I think they just update the model to keep GPS on track. This ain't bad overview (eiven though the author has a mere BS degree):
https://www.washingtonpost.com/scie...ent-finally-caught-up/?utm_term=.bd104885fffb
Compass? It's OK, if you get the variation and deviation right. But also useless, in a way, because steering a given course is so impossible given current, leeway and a helmsman.
What matters is knowing where you are--the miracle of GPS.
I was a thousand miles off San Francisco, and my chartplotter showed a dozen or so waypoints in our wake, arching northeast from Oahu. The new course, after climbing over the North Pacific High, was to be a long dive south toward home. So I figured, there being not much else to pass the time, what if I lost all GPS?
I noted that my whisky compass, chartplotter compass and the compass on the wheel pilot had never agreed--five degrees different at least.
I got out the protractor and charted the course home. I made the usual corrections on the paper chart and drew a line. No problem, the way we all used to navigate by dead reckoning.

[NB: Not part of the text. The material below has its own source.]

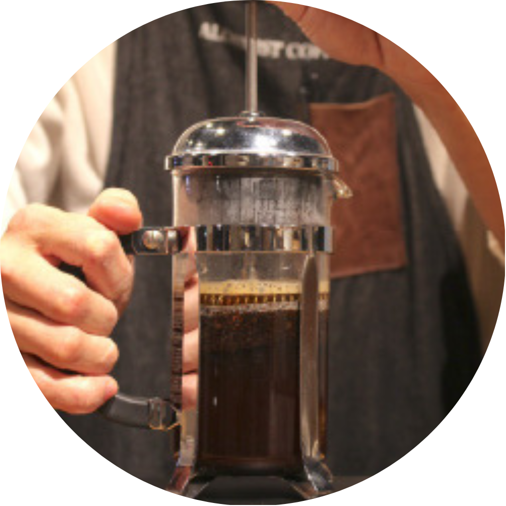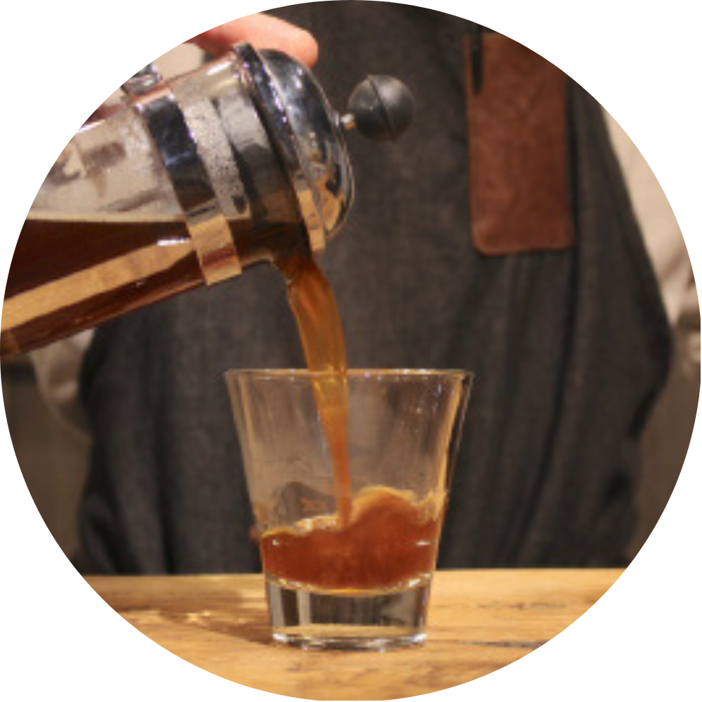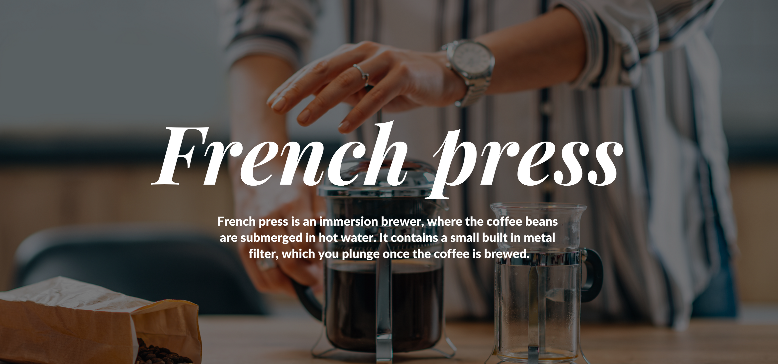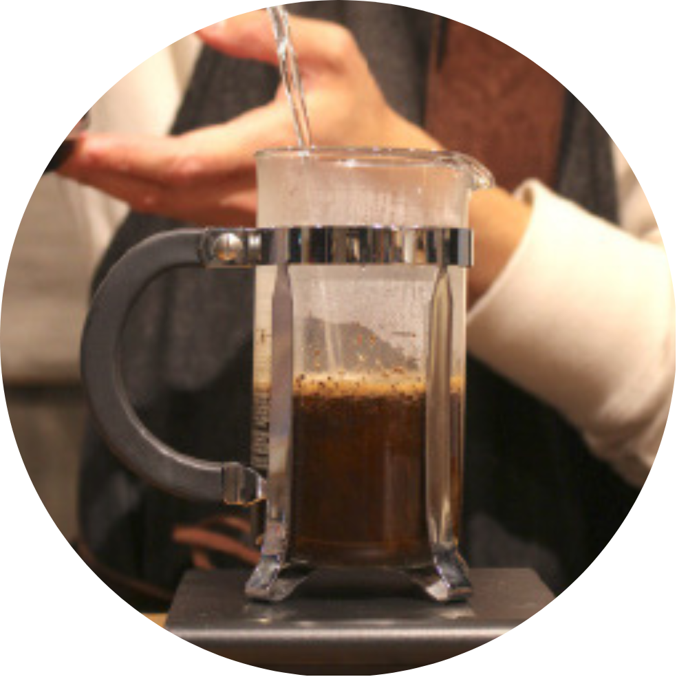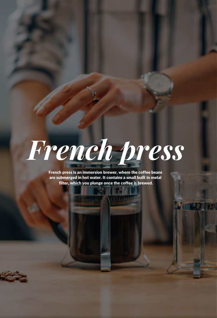 This brewing method is one of the easiest ways to make coffee. The coffee is submerged in hot water for the full brewing time, resulting in a full bodied cup of coffee. It offers more punch than a pour over . Finally, the use of a metal filter helps extracts some of the bean’s natural oils, creating an umami packed and silly cup of coffee.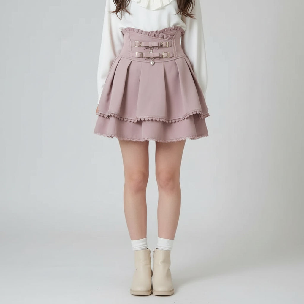 Step into the kawaii fashion world with this double-layered skirt that brings a perfect blend of elegance and playfulness. Designed with intricate lace details and a heart-shaped belt, it offers both comfort and style. Whether you're dressing up for a themed event or just want to add a touch of sweetness to your everyday look, this skirt is the perfect choice for every kawaii lover.

It was nowhere near the GPS course for Los Angeles. Huh? I plotted the course to nearer waypoints ahead, which I typically used for weather routing based on Gribs. The course to them was different, too. I began to sweat. Wait, what course was right? I think I used the iPhone compass, too--and it agreed more with the chartplotter than my chartwork.
I never did figure the differences out. I still don't know what I did wrong. I don't think the Great Circle Route issue made that much difference.
I concluded that all I really could do was head in the "right direction" and note my current position each noon. Once, that would've been a sextant sight good maybe to a mile (or five or ten or twenty). Any long view--the correct course for a target 1000 miles away--seemed unconfirmable. Of course such a "fastest" course exists. Any chartplotter will tell you, and every commercial ship follows that fuel-saving route exactly, when possible. I just couldn't plot it on my paper chart.
I'm not an expert navigator. They win races with this stuff. They solve all sorts of puzzles with skill and experience (our navigator in the Fastnet race found the Lizard in a full gale holding a hand-held RDF in a pitching cockpit when the null was 20 degrees wide).
The result of my experience was that I have zero confidence that my Globemaster compass will get me where I want to go, swung or not.
I recall Chichester approaching a dangerous passage, I think Tasmania. He took sights every hour, in and out of fog and other opaque skies and lost horizons. He was concerned less with his course than his position. And, being the great navigator Chichester was, when the passage hove into view 10 miles ahead he was exactly where he expected to be.
Man, that ain't me. Moving magnetic north or not, it was GPS that let me sleep.